Can't help you with the temperature too much, but why don't you stop the dial on the heater temp controll halfway between 82 and 86.


----------



## toume (Oct 7, 2010)

Yeah that's work. It's actually a Celsius thermometer...that's why it jumps like that.


----------



## irondan (Nov 22, 2007)

i have a ram colony that is thriving. i needed to lower ph so i added a large amt of driftwood and live plants to the tank. ph has dropped from 8.2 to 7.4. when i do water changes, i use half RO water and half tap. the tank has been running 4 years with no probs and the rams are beautiful.
http://i260.photobucket.com/albums/ii11 ... oct113.jpg


----------



## toume (Oct 7, 2010)

And when you say RO water? I know there are filters like this....


----------



## irondan (Nov 22, 2007)

i buy 10 gallons at a time at a culligan store and add equal amounts of each when i do changes. my tank is 35 gallons so i dont need enough to install a system


----------



## car0linab0y (Aug 10, 2009)

If it's a planted tank, CO2 will drop your pH.


----------



## BillD (May 17, 2005)

pH is less important than the soft water. They usually go hand in hand, but not always. RO is probably the easiest, unless your willing to collect rain water.


----------



## loopslike (Nov 10, 2010)

The truth is lowering PH can easily cause instabilities in the tank, and it's best not to force them down at all. It's important to recognize the tolerence of fish, how they are captive bred and don't 'need' a specific PH and the healthiest thing for them is usually just to leave your water alone.

If you are keeping one of the rare fragile fish that needs a very low PH, or you are breeding fish that will only breed in low PH water, then the only real stable way to do it is to mix Reverse osmosis or distilled water with your tap water to reach desired results - and need to do it at every water change of course.


----------



## Bruce Haynes (Sep 8, 2010)

RO water isn't going to lower your pH. What it does is filter out all dissolved solids and chemicals etc. You have really clean water, but if the water has a high pH to begin with it will probably have a high pH after going thru the RO filters. It softens water but generally it does not affect the pH. I agree it is best to not fiddle with the pH. Instablility will be the result and you will have disastrous after effects. I use RO water but my pH is still very high. The fish don't seem to mind, even GBR's are happy. I have a friend that keeps discus very healthy and very happy in RO water and the pH is way over 8.0. so...if it ain't broke ...


----------



## Chromedome52 (Jul 25, 2009)

The problem with super soft water such as RO is that pH crashes can occur very quickly from decaying food and fish waste.
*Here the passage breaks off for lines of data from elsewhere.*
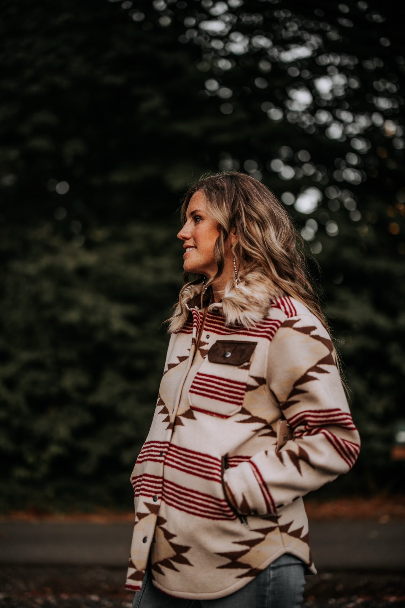 Say hello to your new fall obsession! The Tasha Polizzi Basil Jacket is a total showstopper with a stunning tribal-inspired pattern and rich earthy tones that scream cozy-chic. Designed with a flattering true-to-size fit, this jacket features a snap-button front closure, convenient side pockets, and the ultimate fall-ready detail—a removable faux fur collar for that extra touch of luxe.
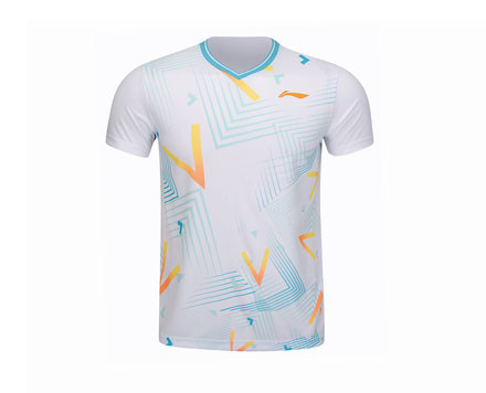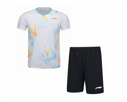 Komplet za tekmovanje in/ali trening, ki ga sestavljajo enobarvne kratke hlače in dres z barvnimi poudarki. Ta komplet je v modni beli barvi in ​​ima na sprednji strani majice značilne barvne grafične poudarke Li-Ning. Neenakomerni gradientni vzorci poskrbijo, da majica izstopa.
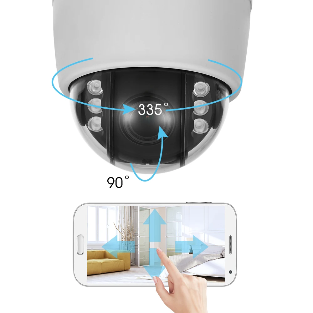 *Pan tilt rotation, horizon: 0~355°, vertical: 0~90°, no blind spot.
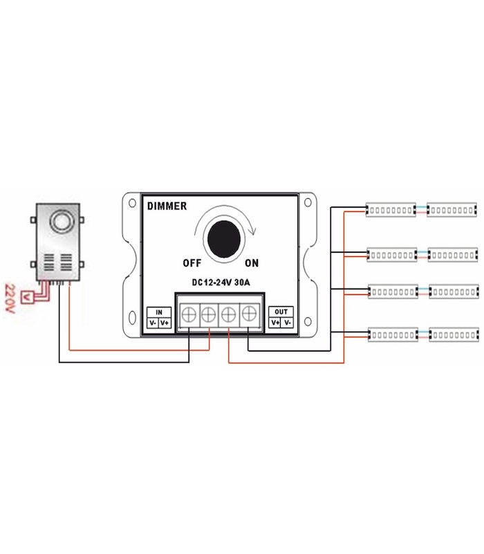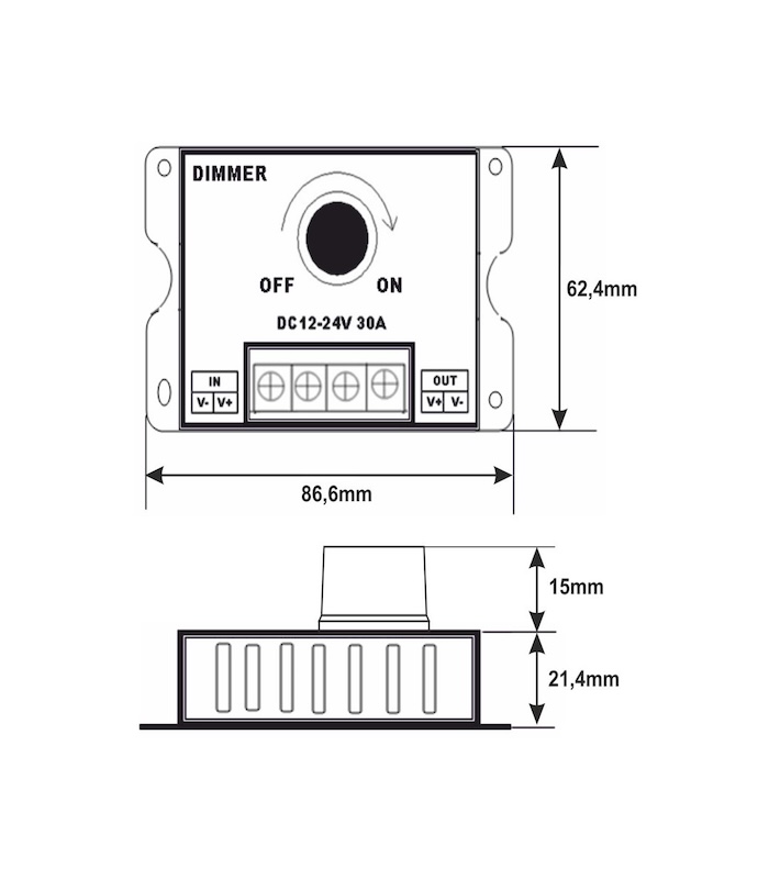 Funkcjonalny ściemniacz do taśm jednokolorowych MONO. Ściemniacz kanału sygnałowego, który może regulować jasność od 0-100%. Jego tryb sterowania to sterowanie za pomocą pokrętła, można dostosować światło do odpowiedniej jasności oświetlenia zgodnie z rzeczywistą potrzebą. Urządzenie jest regulowane w zakresie 0-100% jasności dzięki czemu możliwe jest całkowite wyłączenie taśmy led. Łatwy w instalacji i prosty w obsłudze.
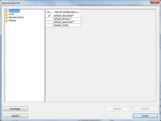Explication supplémentaireLorsque vous sélectionnez plusieurs configurations couleur, la commande Exporter n'est pas disponible.
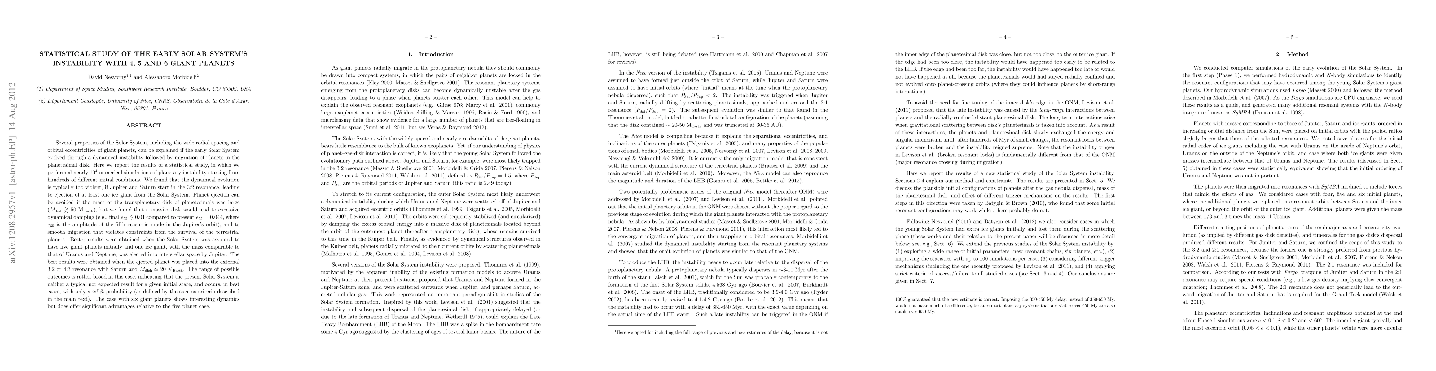 This study investigates the dynamical instability of the early Solar System with 4, 5, or 6 giant planets, finding that a scenario with five initial giants and one ice giant ejected leads to the best match with current Solar System properties, though such outcomes occur with only ~5% probability. The presence of a massive planetesimal disk can mitigate ejections but leads to excessive damping and migration that conflicts with terrestrial planet survival.
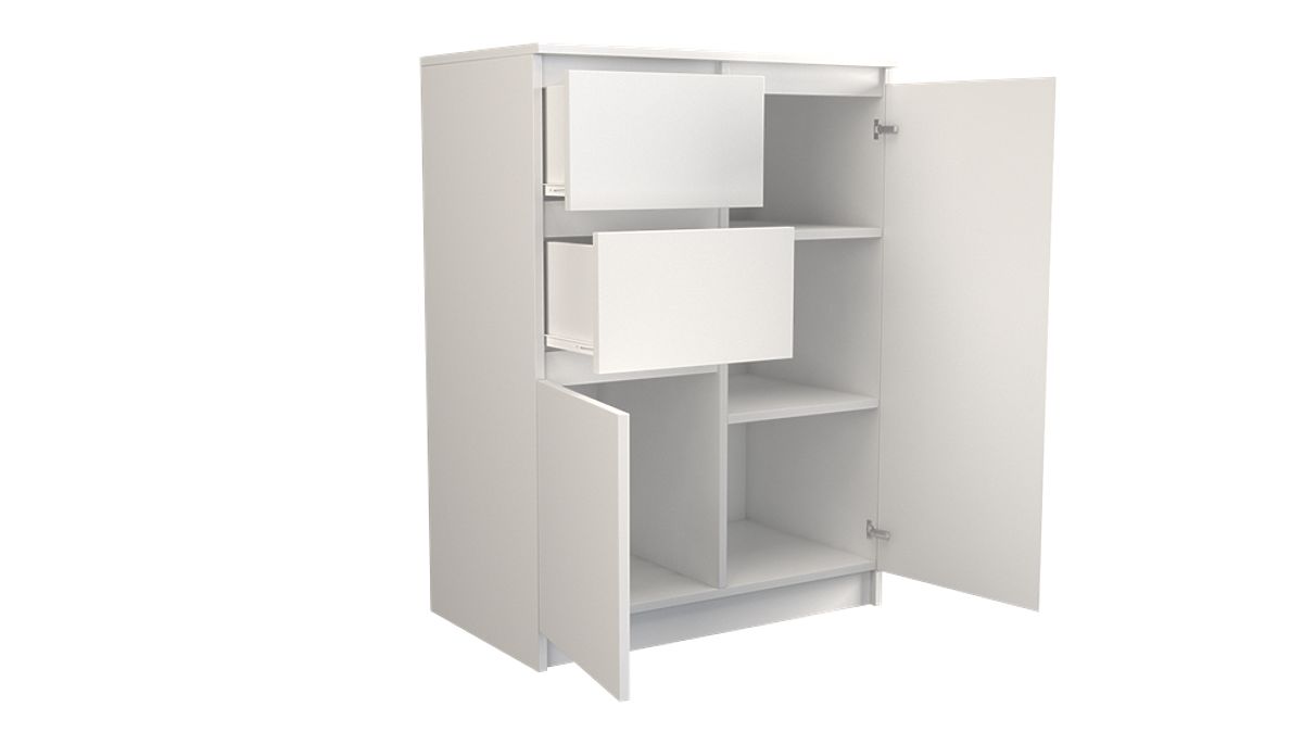 Das Innere der Kommode besteht aus Regalen und zwei Schubladen, die bei der Organisation von Gegenständen helfen. Es wird einfacher sein, das Gesuchte zu finden.

Using something in the system to lower pH, such as peat, oak leaves, or almond leaves, will actually serve to stabilize the pH, as the tannic/humic acids that lower the pH also help to keep it from dropping too far or too fast.


----------



## turbos73 (Oct 28, 2010)

I totally agree. I have a couple blue rams living just fine in hard water with a PH of 8.0. I mix a little r.o. water in with my water changes and that seems to suit them just fine.


----------



## Bruce Haynes (Sep 8, 2010)

Learned something new today very cool. I have been using RO water with no issues for a long time, but will watch the ph a little closer. I do water changes up to 25% a week so I am sure that helps too.


----------



## DeadFishFloating (Oct 9, 2007)

Bruce Haynes said:


> RO water isn't going to lower your pH. What it does is filter out all dissolved solids and chemicals etc.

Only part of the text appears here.